A lot of your financial plans are largely affected by a powerful number commonly known as a credit score. It is a three-digit number that is derived from the info extracted from your credit report. Your credit report comprises your credit history, which is obtained from the credit accounts that you have had across businesses.

Your credit score is in no way affected by your age. The only thing lenders use your age for is to confirm that you are able to sign a contract. When it comes to concluding if your application should be approved or not, lenders do not pay attention to your age.

We have established that age is not considered when approving your application; however, there is a connection. For instance, the duration of your credit use makes up 15 percent of your credit score. This is often referred to as your credit age or credit history age. If you have a great credit history, the duration of credit use goes a long way in affecting your credit score.

This means that you need age on your side to gain further experience with credit, as experience will help improve your credit score.



It is easy to understand why older consumers have better credit reports and higher scores than younger consumers when we consider the place of experience. Some lenders consider any credit score below 660 to be subprime. In this case, the application is either denied or approved in terms that are less favorable.

Consumers are just beginning their credit journey at 18 years old. At this stage, they may be receiving their first credit card. In this case, the consumer will have to wait at least 6 months to have their credit score generated. It might be helpful to know that you can also buy credit tradelines to improve your credit score.



Another factor related to age that can affect your credit score indirectly is income. One of the ways lenders determine that an applicant can afford the obligation of new debt is the income of the applicant. However, it is important to note that income does not affect your credit score in any way.
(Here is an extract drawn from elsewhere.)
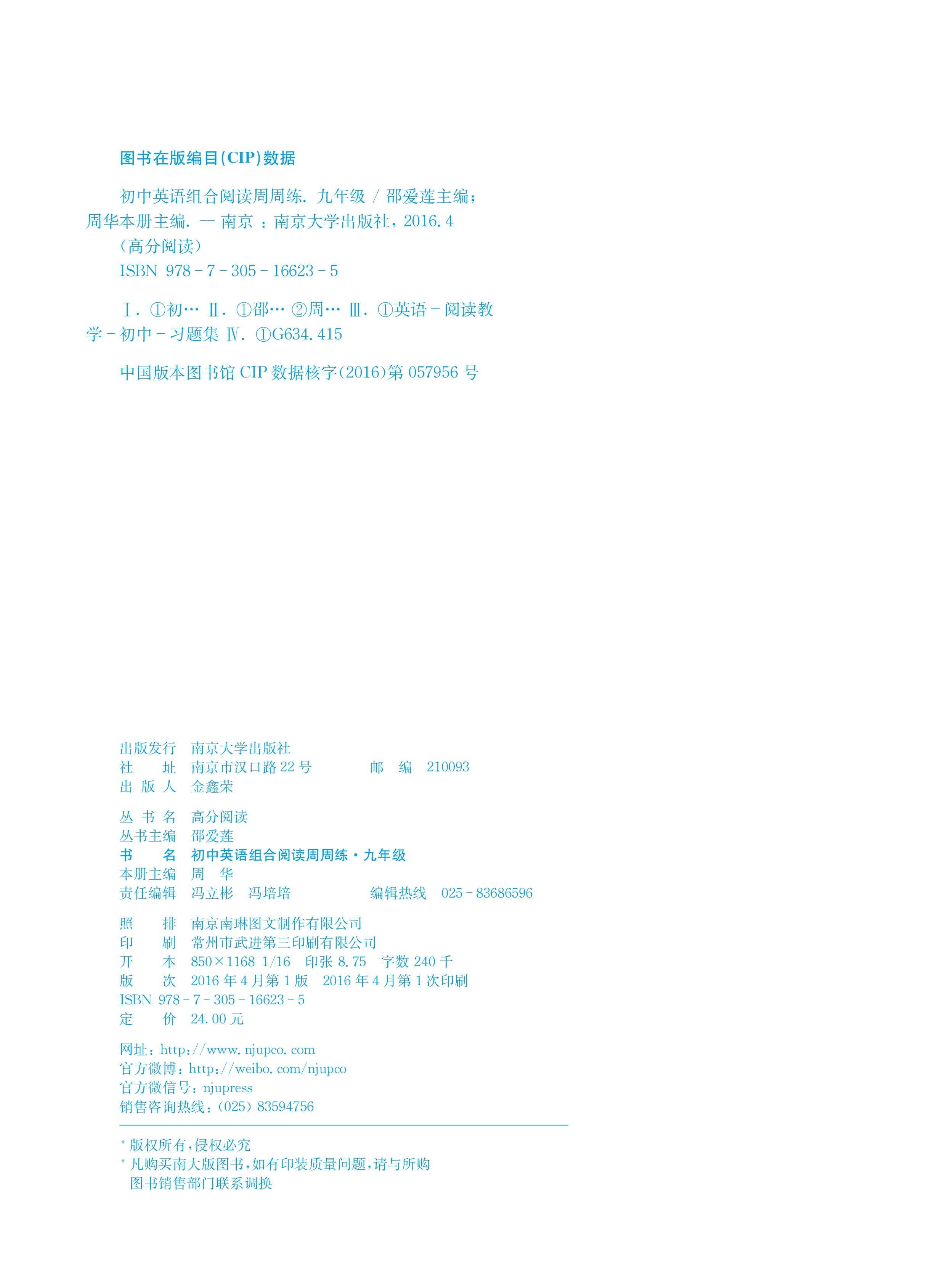 高分阅读初中英语组合阅读周周练 新华正版 南大教辅 中学教辅初中英语阅读训练完形填空阅读理解GX阅读 9年级初三全一册 九年级

Most people experience an increase in their income as they grow, hence increasing their chances of getting higher credit scores.
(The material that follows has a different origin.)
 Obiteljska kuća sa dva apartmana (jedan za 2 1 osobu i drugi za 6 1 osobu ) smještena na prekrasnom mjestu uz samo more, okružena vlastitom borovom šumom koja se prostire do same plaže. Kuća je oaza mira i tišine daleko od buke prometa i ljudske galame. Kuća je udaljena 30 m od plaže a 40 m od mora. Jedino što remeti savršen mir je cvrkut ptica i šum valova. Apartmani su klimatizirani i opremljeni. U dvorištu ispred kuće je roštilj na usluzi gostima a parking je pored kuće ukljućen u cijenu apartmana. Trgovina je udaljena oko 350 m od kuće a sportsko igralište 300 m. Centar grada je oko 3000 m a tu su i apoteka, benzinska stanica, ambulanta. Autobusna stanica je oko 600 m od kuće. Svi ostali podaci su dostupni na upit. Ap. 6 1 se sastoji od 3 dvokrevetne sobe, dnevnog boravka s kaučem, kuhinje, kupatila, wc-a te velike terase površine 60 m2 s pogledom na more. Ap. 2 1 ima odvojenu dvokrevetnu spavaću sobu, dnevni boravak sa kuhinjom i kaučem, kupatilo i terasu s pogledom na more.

Less experience with financial obligations, lower incomes, and a young age can indirectly affect your credit score negatively. These factors can make you prone to making terrible decisions that can lower your credit score. Taking out a large amount of debt with a low income will negatively affect your credit score. Always bear in mind that 30 percent of your credit score comes from your credit card balances.


All the information above does not in any way mean that a young adult cannot have an amazing credit score. The way you handle your credit obligation will go a long way in affecting your credit score. When you are an authorized user of an old account that has a positive credit history, this can improve your credit score, irrespective of your age.